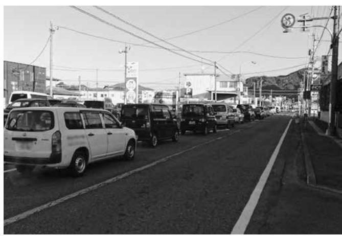
渋滞が激しい朝の御仮屋踏切南側付近

機が下りている時間が非常に長くなっている。その間を通る幹線が島田大橋や谷口橋といった大井川架橋につながっているため、大きな渋滞を引き起こしているのではないかと考えられる。これが島田市が他市と比べてインフラ整備で遅れているという印象を与える要因になっている。これについて、取り組み考えはあるか。
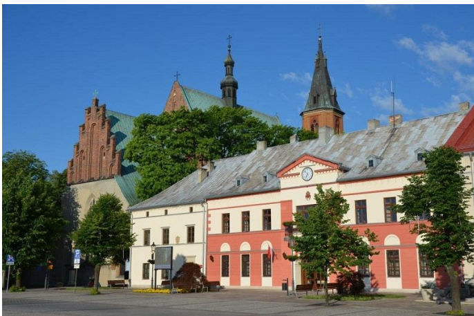
Zdjęcie nr 8. Rynek 1 w Olkuszu
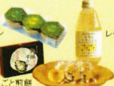
レモンスカッシュ
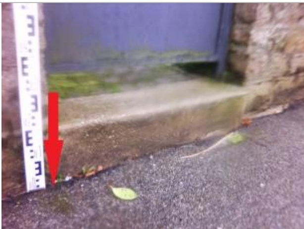
Sol du trottoir au droit du montant de la porte d'entrée du jardin

Altitude calculée de l'eau (en m) : 5.41 m
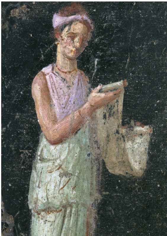
1. kép: Nyitott tekercs umbilicusszal egy pompeii falfestményen, VIII.2.39, Casa di Giuseppe II Museo Archeologico Nazionale di Napoli

körében, amiket csak Róma irányít” ( non iam quod orbe cantor et legor toto, / nec umbilicis quod decorus et cedro / spargor per omnes Roma quas tenet gentes ), hanem azért, mert birtokot és saját hintót vásárolt a versei jogdíjaiból. 8 A „díszes tekercs”-nek fordított kifejezés pars pro toto értelemben arra a pálcára vonatkozik, amelyre a papirusztekercset rátekerték, s amelyet a de luxe kiadások számára festettek, sokféle módon – például képekkel – díszítettek, vagy a leggazdagabbak akár aranyból is készíthették. 9 Ezt a pálcát „köldöknek” (görögül ὀμφαλός, latinul umbilicus ), vagy „szarvagnak” (görögül κέρατα, latinul cornua ) nevezték. 10 Leggyakrabban fából vagy csontból készítették ( in fine libri umbilici ex ligno aut osse solent poni , Porph. ad Hor. Epod. XIV. 8). Ugyanakkor már 1907-ben Theodor Birt felhívta a figyelmet egy ellentmondásra: miközben a korai principátus költői sokszor hivatkoznak a könyvtekercsek egyik legfontosabb díszének számító umbilicusra , sem a herculaneumi, sem az egyiptomi papiruszok között nem találtak ilyeneket tömegesen, 11 sőt Catullus előtt még a római szerzők sem említik, noha például Cicero sokat foglalkozott könyvkiadási kérdésekkel. Pedig Horatius is egyenesen úgy fogalmaz: iambos ad umbilicum adducere ( Epod. XIV. 8), vagyis – mai kifejezéssel élve – „a könyv utolsó lapjáig végigvinni a verset”. Az idősebb Seneca ( Suas. VI. 27) pedig a librum ad umbilicum revolvere ,
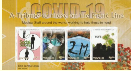
Pul 16. Tuvalu, 2020
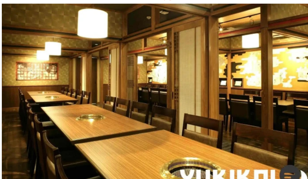
カルビー丁 御殿場店 雰囲気
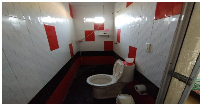
Baño Social 2
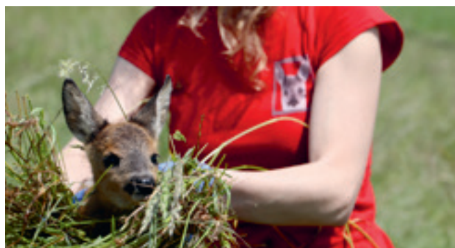
Ein Mitglied des Vereins bei der Rettung eines Kitzes.
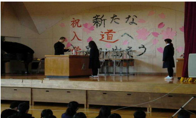
【入会証を受け取る生徒】
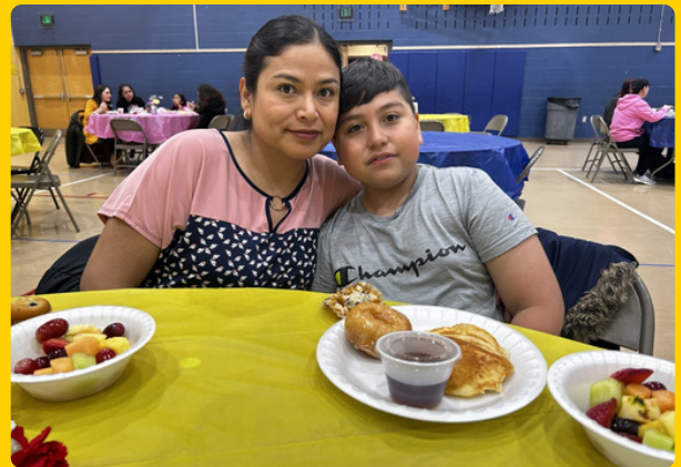
Desayuno Día de la Madre
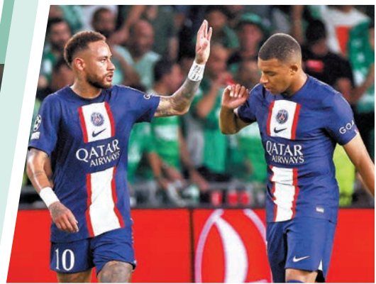
◆PSG就算輪換，實力仍會在對手之上。
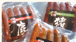
尾州真味屋総本舗 静岡ジビエウインナー各種 (鹿・鹿子ヨリソー・猪)
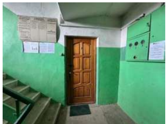
Dzīvokļa Nr.7 ieejas durvis
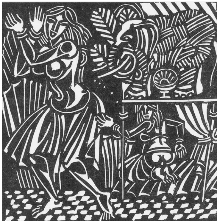
Из цикъла „ORIENT“
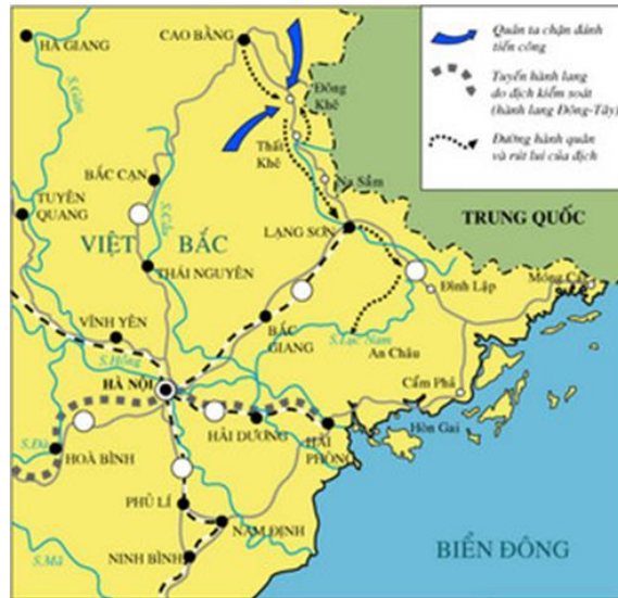
Hình 5: Lược đồ chiến dịch Biên giới
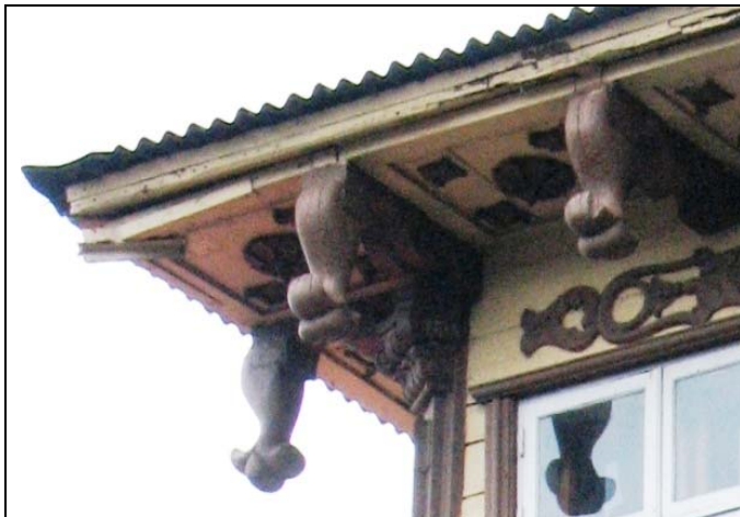
Pärnu, Pikktn 20

===============

# WHAT NEEDS TO BE DONE:
The records, exactly as written but without images, should be returned.

# TASK RESPONSE:
渋滞が激しい朝の御仮屋踏切南側付近

機が下りている時間が非常に長くなっている。その間を通る幹線が島田大橋や谷口橋といった大井川架橋につながっているため、大きな渋滞を引き起こしているのではないかと考えられる。これが島田市が他市と比べてインフラ整備で遅れているという印象を与える要因になっている。これについて、取り組み考えはあるか。
Zdjęcie nr 8. Rynek 1 w Olkuszu
レモンスカッシュ
Sol du trottoir au droit du montant de la porte d'entrée du jardin

Altitude calculée de l'eau (en m) : 5.41 m
1. kép: Nyitott tekercs umbilicusszal egy pompeii falfestményen, VIII.2.39, Casa di Giuseppe II Museo Archeologico Nazionale di Napoli

körében, amiket csak Róma irányít” ( non iam quod orbe cantor et legor toto, / nec umbilicis quod decorus et cedro / spargor per omnes Roma quas tenet gentes ), hanem azért, mert birtokot és saját hintót vásárolt a versei jogdíjaiból. 8 A „díszes tekercs”-nek fordított kifejezés pars pro toto értelemben arra a pálcára vonatkozik, amelyre a papirusztekercset rátekerték, s amelyet a de luxe kiadások számára festettek, sokféle módon – például képekkel – díszítettek, vagy a leggazdagabbak akár aranyból is készíthették. 9 Ezt a pálcát „köldöknek” (görögül ὀμφαλός, latinul umbilicus ), vagy „szarvagnak” (görögül κέρατα, latinul cornua ) nevezték. 10 Leggyakrabban fából vagy csontból készítették ( in fine libri umbilici ex ligno aut osse solent poni , Porph. ad Hor. Epod. XIV. 8). Ugyanakkor már 1907-ben Theodor Birt felhívta a figyelmet egy ellentmondásra: miközben a korai principátus költői sokszor hivatkoznak a könyvtekercsek egyik legfontosabb díszének számító umbilicusra , sem a herculaneumi, sem az egyiptomi papiruszok között nem találtak ilyeneket tömegesen, 11 sőt Catullus előtt még a római szerzők sem említik, noha például Cicero sokat foglalkozott könyvkiadási kérdésekkel. Pedig Horatius is egyenesen úgy fogalmaz: iambos ad umbilicum adducere ( Epod. XIV. 8), vagyis – mai kifejezéssel élve – „a könyv utolsó lapjáig végigvinni a verset”. Az idősebb Seneca ( Suas. VI. 27) pedig a librum ad umbilicum revolvere ,
Pul 16. Tuvalu, 2020
カルビー丁 御殿場店 雰囲気
Baño Social 2
Ein Mitglied des Vereins bei der Rettung eines Kitzes.
【入会証を受け取る生徒】
Desayuno Día de la Madre
◆PSG就算輪換，實力仍會在對手之上。
尾州真味屋総本舗 静岡ジビエウインナー各種 (鹿・鹿子ヨリソー・猪)
Dzīvokļa Nr.7 ieejas durvis
Из цикъла „ORIENT“
Hình 5: Lược đồ chiến dịch Biên giới
Pärnu, Pikktn 20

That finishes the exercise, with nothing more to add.